I arrive at the coffee shop to no line and Tom behind the register. "Hi, Jessa! It's Jessa, right?" said Tom pointing to his own glasses.
"Yes!" I said too loud.
"Great to see you again," he said with a calm genuineness. Do you want your same order from yesterday - large iced caramel macchiato with an extra shot and a breakfast sandwich?"
I did not want the same order. The fog lifted from my hangover and I could see healthier options.
"That would be awesome, Tom, thanks!"
I had no choice. I waited my adult-coffee-life for this. Since entering the corporate world, I spent an embarrassing amount of money on morning coffee. I loved the routine. I hoped one day I could wear the title of a regular. My order would be placed in queue without me uttering a word. The baristas would ask questions about the surface details of my life - how is the new apartment? How did that work project turn out? I would ask questions in return, inquiring about their life beyond the bar. A free extra shot would be our love language. My counterfeit glasses opened an opportunity for recognition. I had the beginning of "where everybody knows your name" status and I wasn't going to let it slip through my fingers.
We made small talk as my sandwich was prepped. I do not remember the contents of the conversation. All I remember thinking to myself is, "I made it."
For the next two years, my glove box glasses were slipped on in the morning five to six days a week. My boyfriend (who became my husband within those two years) would laugh every time we parked for the coffee shop. He knew no movement could be made until the glasses emerged. He was amused and concerned by my dedication. He did reap the benefits, though, of a size upgrade I received one morning on our way out of town. He was impressed.
If the glasses were not in their designated location, I would not go in. I was committed.
I played into a lie to make a connection; to get something I wanted. There were mornings I had honorable intentions of entering the double doors sans glasses. I would reveal the truth to Tom in a lovable, self-deprecating way and a good laugh would be had by all. It never happened. I couldn't bring myself to potentially throw away my regular status. This connection started my day on a positive foot. It became as essential to my morning routine as my under-eye concealer. If I faced a busy day, I didn't feel that pressure for the five to eight minutes standing in the coffee shop. It was a Do Not Enter for stress. In my twenties, work was my sun and everything revolved around it. The time among people who knew me by my coffee order reminded me life has simple pleasures waiting beyond the suffocating obstacles of work.
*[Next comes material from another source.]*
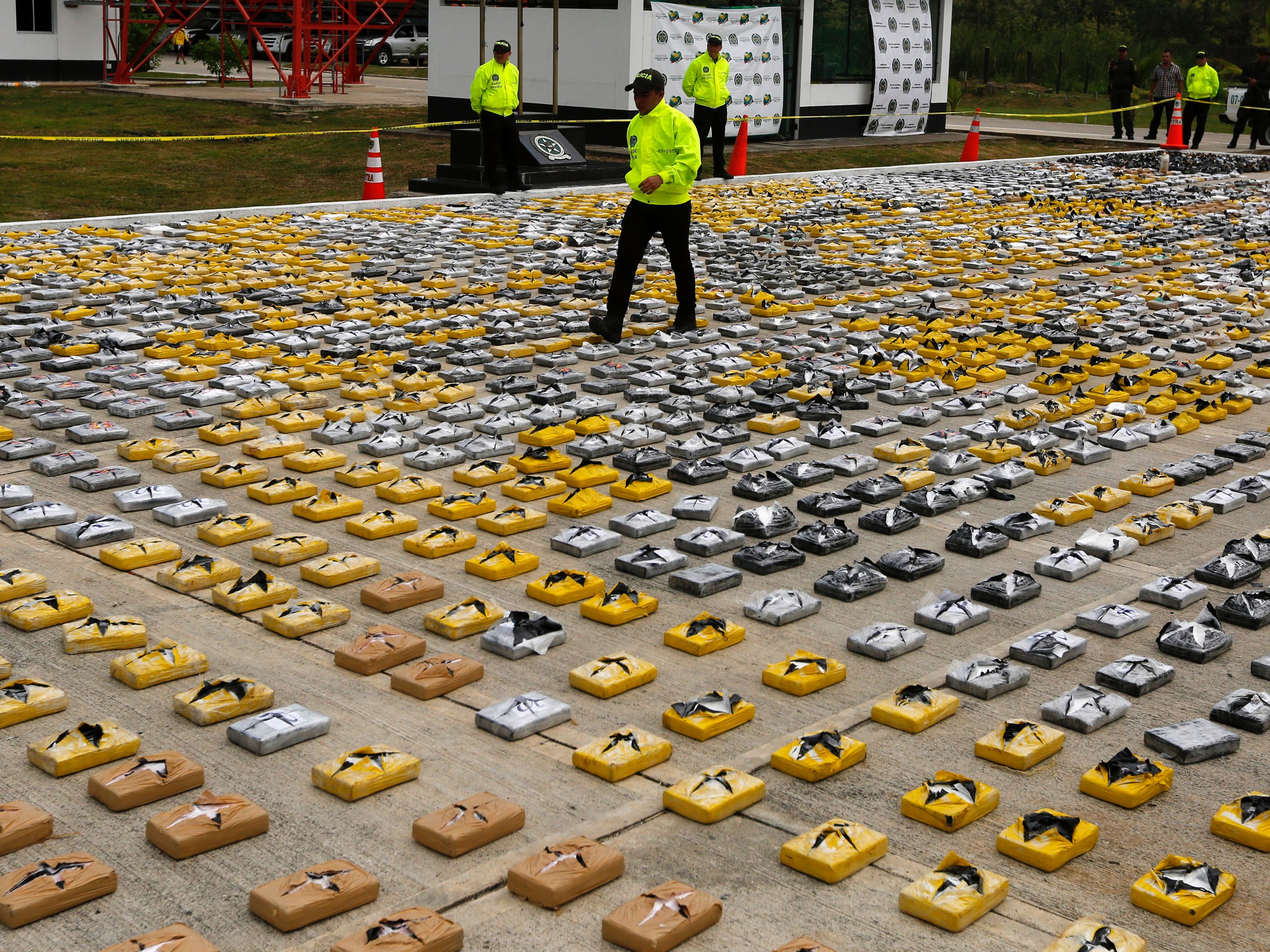Colombia cocaine Reuters/John Vizcaino A Colombian anti-narcotics policeman walks on packs of cocaine at the police base in Necocli February 24, 2015.

I had my Central Perk, my Monk's Cafe, my Luke's Diner - I couldn't let go.
Late in my twenties, I moved. During my last visit to the coffee shop, Tom was not there. I received my usual iced latte with skim milk. My usual changed over the years. This is how you knew you were a true regular - they accepted your evolution. As Kristen (not her real name) handed me my medium-sized fuel, I held the cup up to my glasses and toasted to her and community I had been a part of for the last two years. Kristen wished me good luck.
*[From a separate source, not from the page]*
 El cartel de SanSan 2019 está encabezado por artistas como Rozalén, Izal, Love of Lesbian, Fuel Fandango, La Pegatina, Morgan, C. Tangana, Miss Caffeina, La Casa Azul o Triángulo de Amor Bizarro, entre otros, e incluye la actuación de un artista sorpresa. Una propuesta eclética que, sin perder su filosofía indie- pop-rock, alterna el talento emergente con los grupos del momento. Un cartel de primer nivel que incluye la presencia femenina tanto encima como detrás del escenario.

I write this story while sitting at my local coffee shop in Pittsburgh. I am 33. I am a regular here. They know my name. They know my husband and my pup. They know I am a writer and inquire about my pieces. They give me free handmade granola when they are experimenting with a recipe. It is a home office away from home. It is a place where I conduct business and share quiet conversation with friends. My glove box no longer houses the thrifted glasses, but I still wear them occasionally. When I do, I feel a tickle of fondness and embarrassment. I remember community. I remember the little lie I was complicit in for over two years. I remember the $2.00 I spent on them. It was $2.00 well spent.